Ask HN: Recommendations for hacker hostels in the bay area?  - octaveguin
I recently left my development job to bootstrap my own product. Community is extremely important for me so I'd like to be around other developers doing similar things as me.<p>I also love the hostel feeling so, naturally, I'd like to start there. My budget would be ~$40/night for accommodation.<p>I found three places that seem to fit: Chezjj's, Treehouse, and something called StartupHouse.<p>Does anyone have any experiences with these? Are there any other places I'm missing?<p>Working in a coworking space is also an option. Is this a better way to get involved in the community?<p>I’ll be headed down the first of November if there are any events taking place. I'm sorry to have missed the startup school event on the 20th.
======
yaliceme
I've lived in Hacker Fortress 2 months (los altos), visit frequently at Chez
JJ for the last few weeks (mountain view) and have visited StartupHouse once
to help someone move in(in SOMA).

Hacker Fortress and Chez JJ are both lovely. Chez JJ has been around a little
longer, so they are more organized and hold great events; Hacker Fortress is a
bit newer and more chaotic, but is more competitive on price. Both have great
people.

Of the three, StartupHouse seems to be "trying" hardest in that the startup-
ness is very in-your-face when you walk in. Key articles by Paul Graham and
similar are hung up on clipboards, everybody is hacking away on keyboards, and
the whole place has a sort of dark, moody, intense feel to it. I only visited
once, so take my impressions with a grain of salt, but it didn't feel as
friendly as HF and ChezJJ - most people didn't look up or seem to notice there
were new people (maybe partly because there are so many people there), and the
guy who showed us around was "on duty" and looked it. Whereas HF and ChezJJ
felt like actual homes and not just places to hack.

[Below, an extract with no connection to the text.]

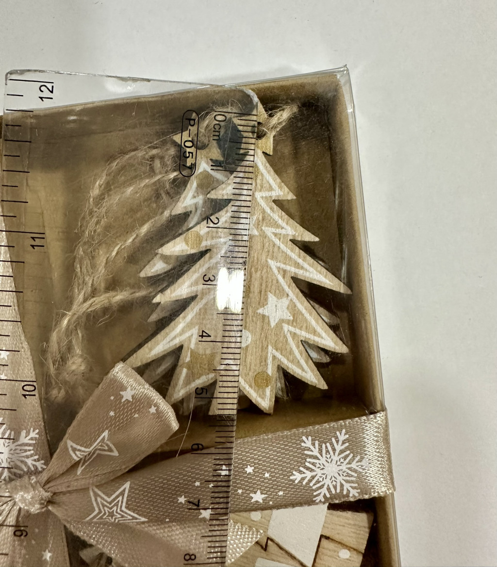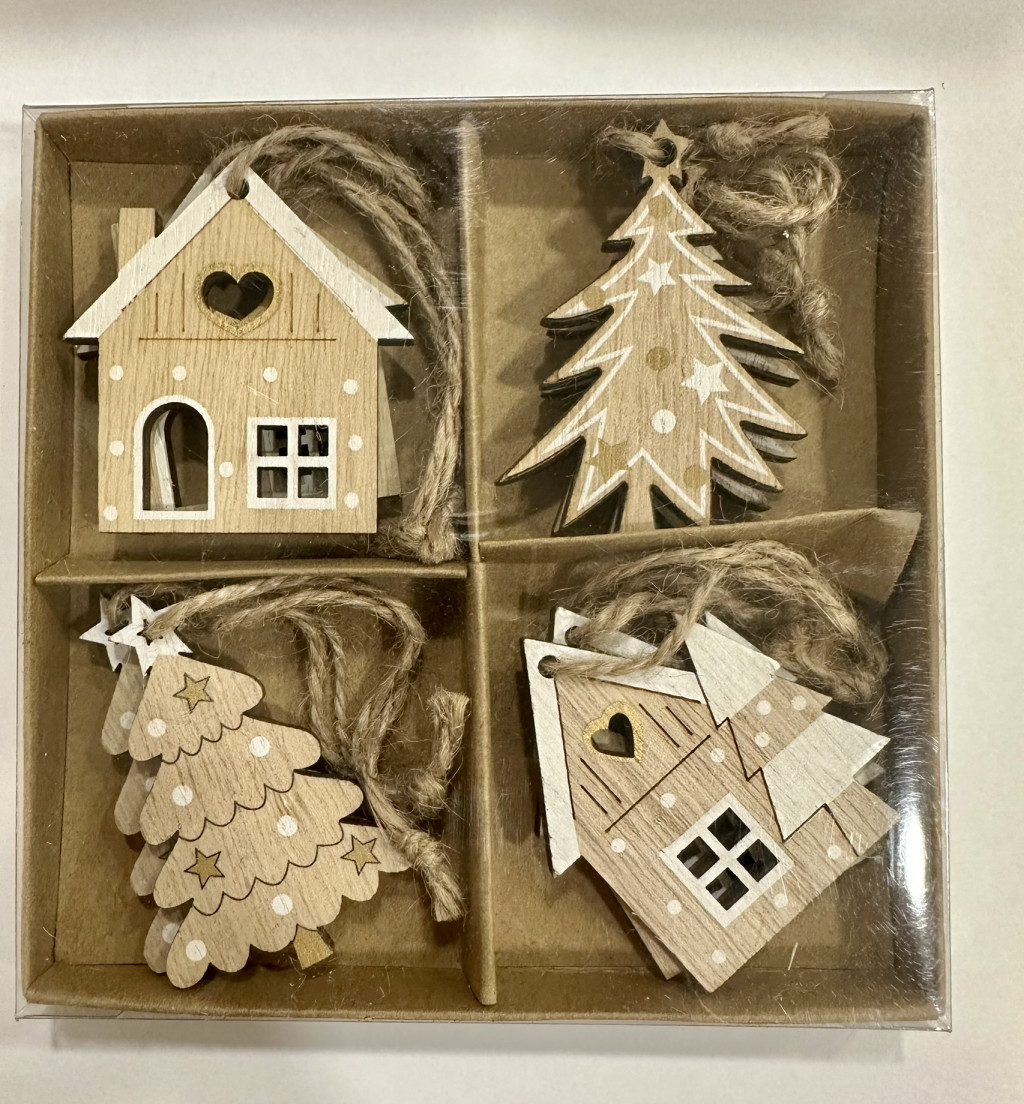 Ez a gyönyörű karácsonyi házikó és fenyő dekor szett nyolc darab natúr stílusú fa díszt tartalmaz. A dobozban négy különböző minta kapott helyet, mindegyikből két darab, így egy gazdag és változatos ünnepi csomagot kapsz.

In terms of physical building, HF literally feels like a fortress on a hill
(huge mansion, isolated from surrounding houses, great view). ChezJJ is a
cozy, comfy normal house on a street where the houses are close to each other,
with fruit trees in the backyard (yum!). StartupHouse is a retrofitted
warehouse and feels like it.

Whatever place you choose, I highly recommend staying in some kind of hacker
house/hostel. The community you get from this living environment cannot be
approximated elsewhere.

------
jkaykin
<http://chezjj.com> is the best! Come cowork at Parisoma!

Also, check these guys out: <http://www.risesf.com>

------
argumentum
by far the best hacker house in the area is the Hacker Fortress in Los altos
hills (find it on airbn).

unlike Chejj there's no air of pretension, just hackers hacking and helping
each other out on cool projects.

------
aayala
Look in <https://www.airbnb.com>